A Summary of DeVellis R. (1991). Scale Development: Theory and Applications

Preambule

Construct Validity: “relationship of one variable to a second variable.

Is the measure “behaving” the way that the construct it purports to measure should behave with regard to established measures of other constructs” In sum, Construct Valiidty is a test or a measure of how well a particular measure actually measures that which it is actually claiming to measure.

Different from Criterion-related validity:, which is really a measure of how well one or more variables predicts some sort of outcome based on knowledge of other variables.

Both reach the same end, though I’m not convinced.

In sum, it is the extent that the measure is measuring a criteria that exists in the real world.

Known-Groups validation: Can be either construct or criterion validity, “depending on investigator’s intent”. How well does a scale differentiate members from Group A from Group B, judging on the scale output.

Q: How strong should correlations be in order to demonstrate Construct Validity? No cut off, but essentially above what would otherwise be found due to simple method variance (random error normally established through the covariation of these two)

Multitrait-multimethod Matrix: 

Used to examine construct validity: (how well a measure actually measures what it is actually claiming to measure), but measuring more than one construct with more than one method, creating a matrix of correlations between measurements.

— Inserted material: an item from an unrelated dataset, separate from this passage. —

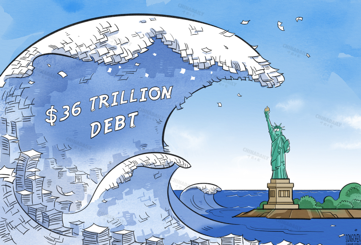 美國國債總額已突破36萬億美元,達(dá)到創(chuàng)紀(jì)錄的新高。(作者:中國日報(bào) 宋晨)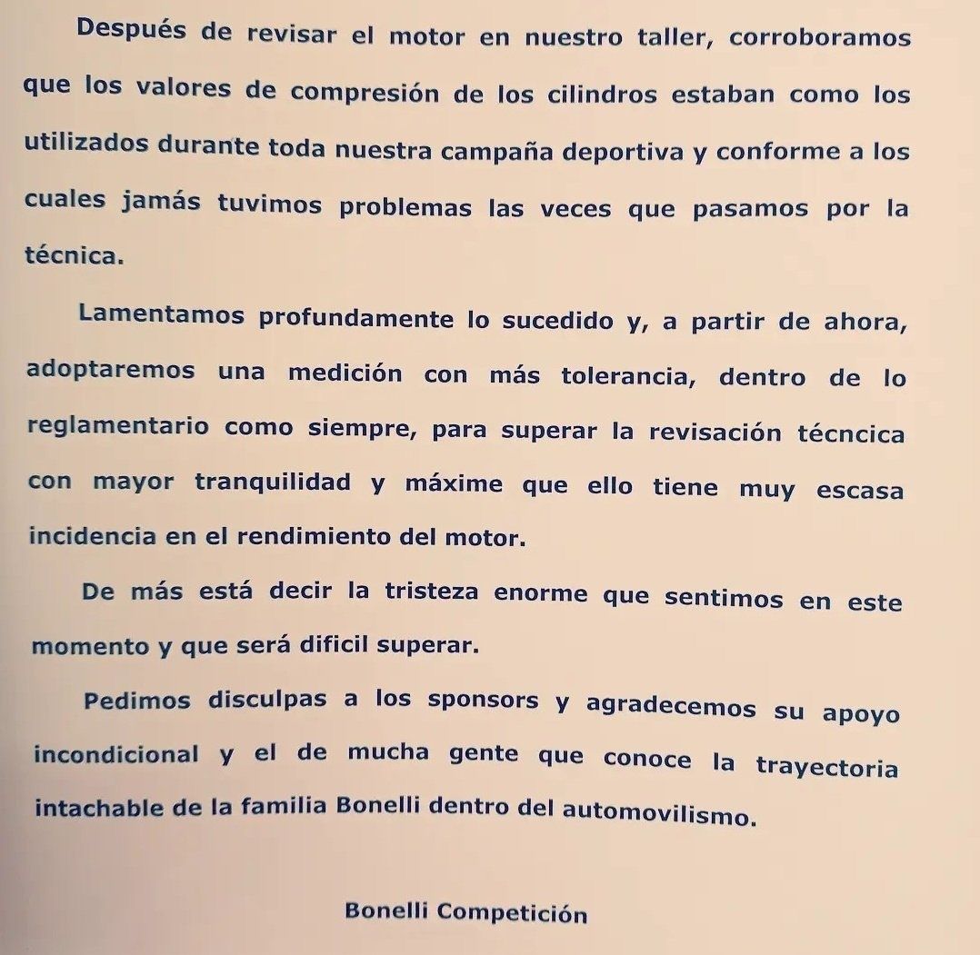"De más está decir la tristeza enorme que sentimos en este momento y que será difícil superar. Pedimos disculpas a los sponsors y agradecemos su apoyo incondicional y el de mucha gente que conoce la trayectoria intachable de la familia Bonelli dentro del automovilismo", cerró Bonelli que, además, fue citado por la CAF para declarar sobre lo sucedido.

Be careful that the correlation is not strong because of “method correlation” (how it is measured) but more as a function of Construct covariation (what is being measured). If measures are related, they score high on convergent validity (similarity between measures of theoretically related constructs; how well are two measures related in relation to their (should be) strong theoretical relatedness). The opposite, Discriminant/Divergent validity would hold if there is no correlation between measures of unrelated constructs, the measures show this. So, if two measures are in fact unrelated, how unrelated are they?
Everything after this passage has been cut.